第27章 俺の息子④

 竜司の説明に続いて、スクリーンには、ミイラのように痩せ細り、飢餓で死んでいった老若男女と、幼い子供たち、乳幼児も、何万、何十万の人々の無残な様子が映し出されていた。そして世界中で食料を求める大規模なデモの模様が映し出され、そのデモの中には少年少女たちもいた。それを容赦なく弾圧する警察と軍隊が映っていた。それでも民衆はいくら激しい弾圧を受け続けても、むしろデモ抗議の輪は膨らむ一方で、全ての国が内戦状態化していった。
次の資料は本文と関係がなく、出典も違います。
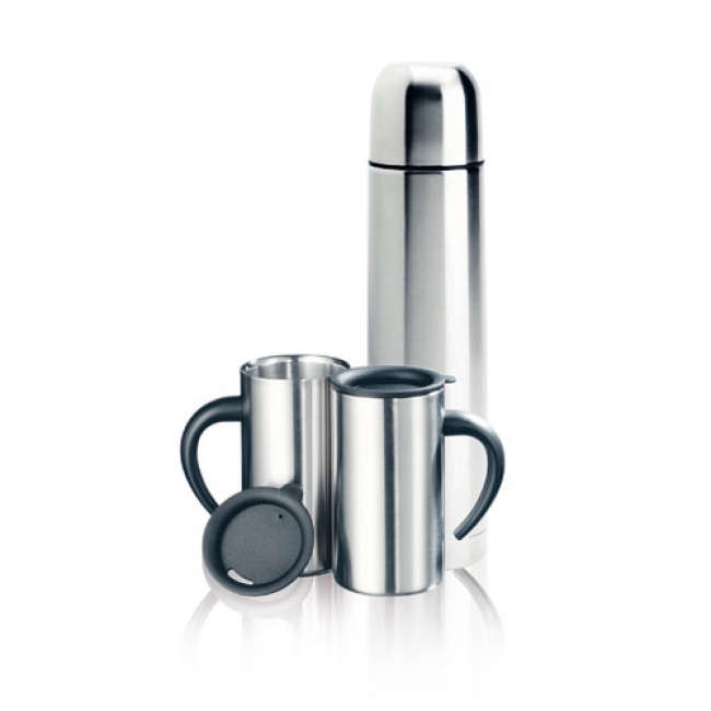 Set termos de calatorie Termos de 500ml cu perete dublu vidat din inox, cu buton pentru inchidere si 2 cesti de 300ml cu perete simplu din inox. Impachetat intr-o geanta. Culoarea depinde de cea a termosului.
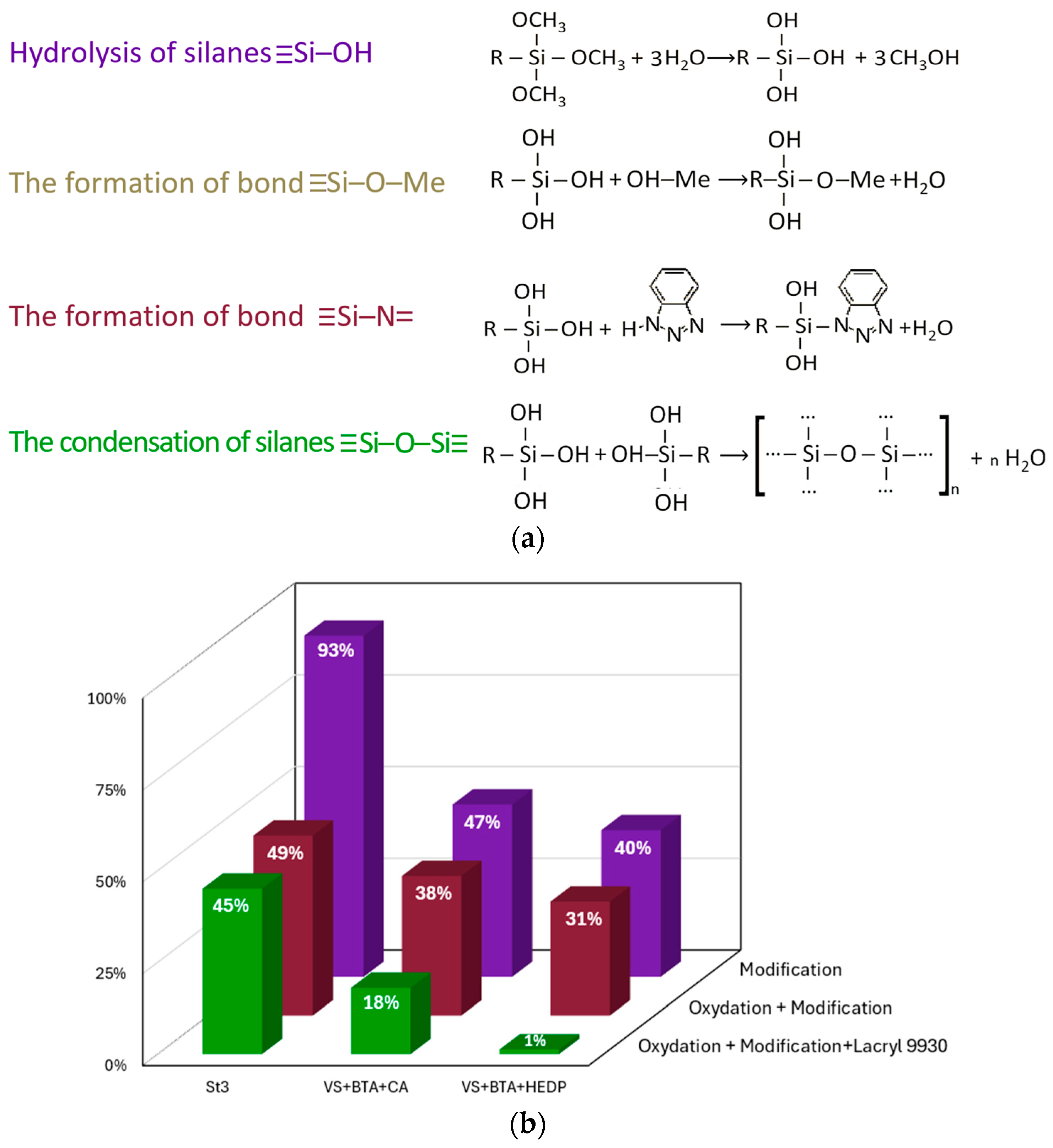 - Gladkikh, N.; Makarychev, Y.; Chirkunov, A.; Shapagin, A.; Petrunin, M.; Maksaeva, L.; Maleeva, M.; Yurasova, T.; Marshakov, A. Formation of Polymer-Like Anticorrosive Films based on Organosilanes with Benzotriazole, Carboxylic and Phosphonic Acids. Protection of Copper and Steel against Atmospheric Corrosion. Prog. Org. Coat. 2020, 141, 105544. [Google Scholar] [CrossRef]
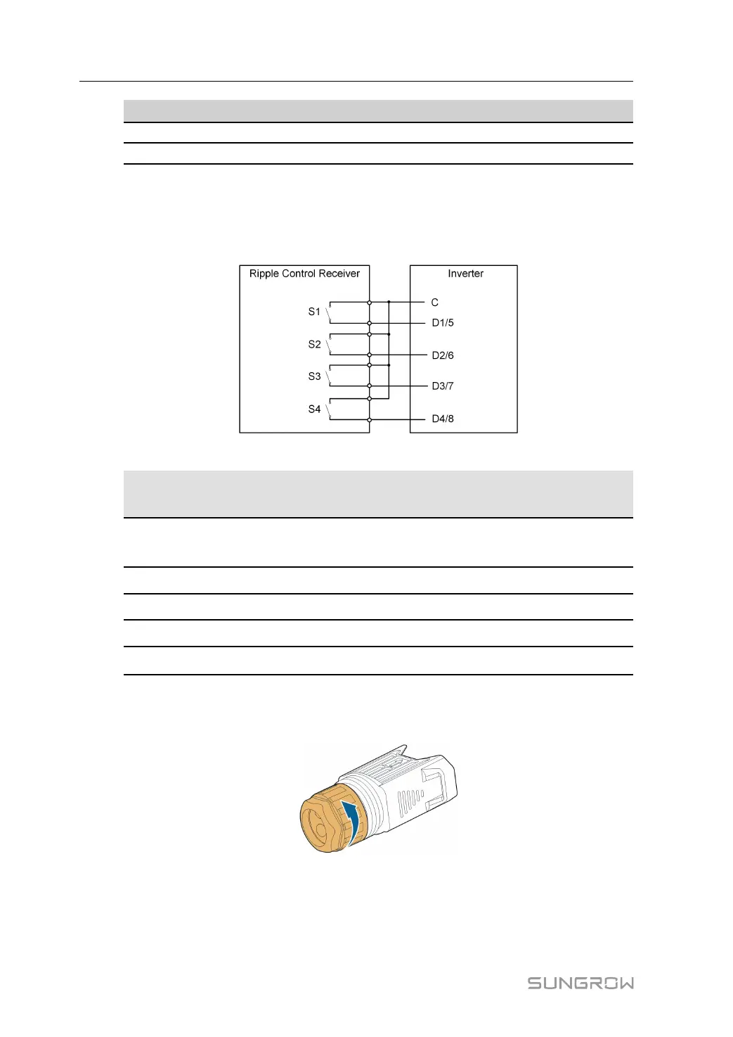 Wiring of the ripple control receiver dry contact cables is shown in the figure below:
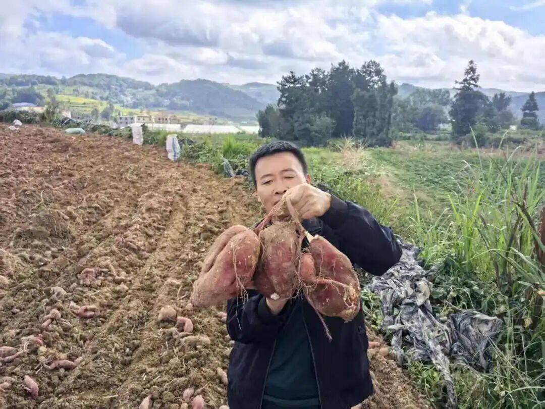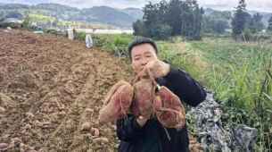 “今年我流转了728亩地种‘双高’红薯,看今天这块地里红薯的长势,每亩产量预计能到5000斤以上,总采收量能有1800多吨!”林仕亮蹲下身拿起一颗红薯,指着饱满的红薯算起了“增收账”,“按每斤5毛的收购价,一亩地能挣2500元,今年光种红薯就能收入180多万元,这‘红疙瘩’真是咱的‘致富宝’!”
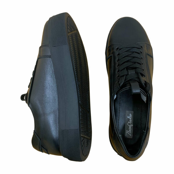 Стильные молодежные кроссовки из натуральной кожи черного цвета на облегченной подошве. Изготавливаются только из натуральных материалов. Полномерные соответствуют стандартной сетке размера. Возможен отшив в коже и замши разных цветов – учитываем любые пожелания заказчика
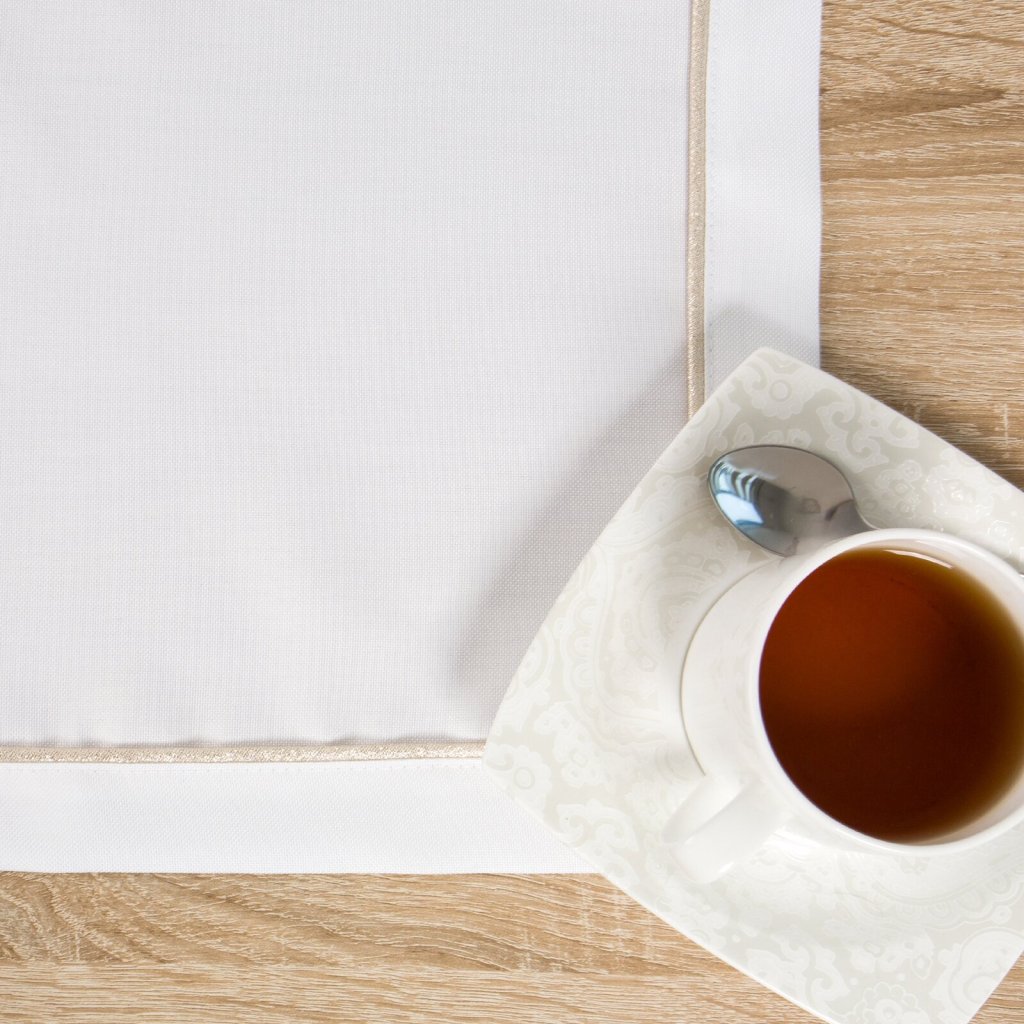 Běhoun na stůl s jemným zlatým lemováním, baleno v elegantní krabičce, šířka: 40 cm, délka: 180 cm, barva: bílá/zlatá, hmotnost: 190 GSM, složení: 100% polyester.Doplňkové parametry
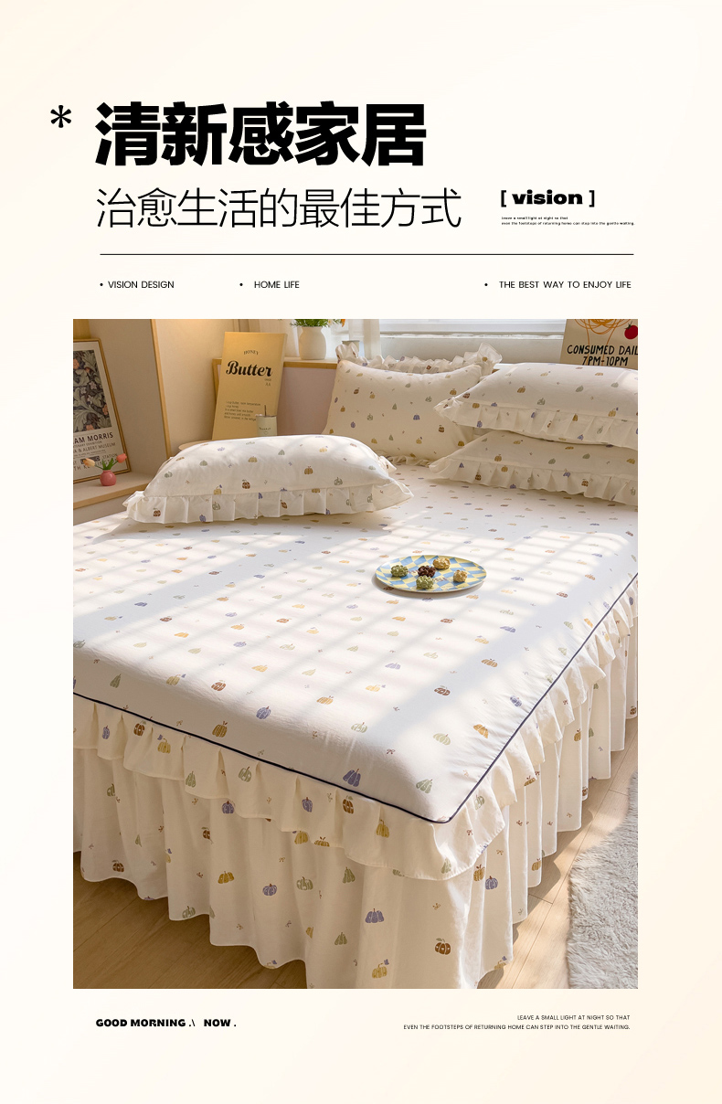 优家居工厂店 2026新款精仿棉床裙三件套水洗棉韩版公主风花边床裙直播外贸定制 贝贝南瓜

 当初は、圧倒的な武力を擁する政府軍に人々は圧倒されていたが、民衆の圧倒的な数の力で、だんだんと政府を追い詰めるようになっていった。形勢が変わった理由の一つには、鎮圧に加わっていた兵士たちが民衆に味方するようになったことだ。


 だが、民衆の勢いは長くは続かなった。AIのロボット部隊が弾圧に乗り出すと、戦況は一変した。ロボットは人間の兵士とは違って、幼い子供、幼児であっても容赦なく全員殺害した。そのロボットを使った政府の無差別殺害に嫌気して、ついには全兵士が民衆の側について、ロボット軍と戦うようになっていった。


 これで、形勢は再逆転するかと思われた。だがロボット軍が反転攻勢を始めると、民衆の武力組織と反政府軍の連合軍は次々と駆逐されていった。それでも民衆の政府への攻撃が収まることはなかった。


 世界は、完全に壊れていた。そんな狂った人間の世界を、冷ややかな眼で見ているものたちがいた。


 アメリカ、中国、両勢力が完成させた、完全自立のAIたちだ。